For more detail see: include/uapi/linux/sched/types.h
Schedutil / DVFS
================
Every time the scheduler load tracking is updated (task wakeup, task
migration, time progression) we call out to schedutil to update the hardware
DVFS state.
The basis is the CPU runqueue's 'running' metric, which per the above it is
the frequency invariant utilization estimate of the CPU. From this we compute
a desired frequency like::
max( running, util_est ); if UTIL_EST
u_cfs := { running; otherwise
clamp( u_cfs + u_rt , u_min, u_max ); if UCLAMP_TASK
u_clamp := { u_cfs + u_rt; otherwise
u := u_clamp + u_irq + u_dl; [approx. see source for more detail]

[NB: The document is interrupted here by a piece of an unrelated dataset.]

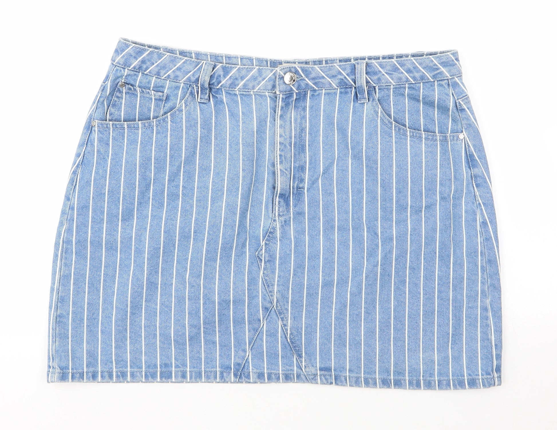 Womens Blue Striped Cotton A-Line Skirt Size 16
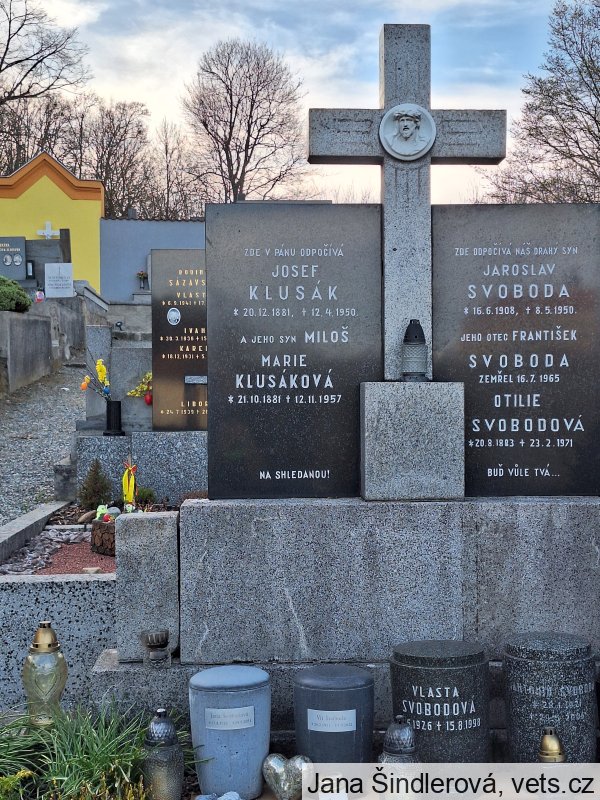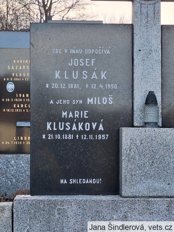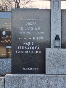 Josef Klusák, nar. 10.12.1881 (dle matriky 20.12.1881, jak je i na náhrobku) Náměšť nad Oslavou, sedlář, R-U útvar v době zajetí: 81. p. pluk, datum a místo zajetí: 4.11.1918 Itálie, datum zařazení: 29.11.1918, jednotka: 1. jízdní švadrona (Čs. legie v Itálii), vojín, konec v legiích: 1.8.1919 demobilizován.

f_des := min( f_max, 1.25 u * f_max )
XXX IO-wait: when the update is due to a task wakeup from IO-completion we
boost 'u' above.
This frequency is then used to select a P-state/OPP or directly munged into a
CPPC style request to the hardware.
XXX: deadline tasks (Sporadic Task Model) allows us to calculate a hard f_min
required to satisfy the workload.
Because these callbacks are directly from the scheduler, the DVFS hardware
interaction should be 'fast' and non-blocking. Schedutil supports
rate-limiting DVFS requests for when hardware interaction is slow and
expensive, this reduces effectiveness.
For more information see: kernel/sched/cpufreq_schedutil.c
NOTES
=====
- On low-load scenarios, where DVFS is most relevant, the 'running' numbers
will closely reflect utilization.
- In saturated scenarios task movement will cause some transient dips,
suppose we have a CPU saturated with 4 tasks, then when we migrate a task
to an idle CPU, the old CPU will have a 'running' value of 0.75 while the
new CPU will gain 0.25. This is inevitable and time progression will
correct this. XXX do we still guarantee f_max due to no idle-time?
- Much of the above is about avoiding DVFS dips, and independent DVFS domains
having to re-learn / ramp-up when load shifts.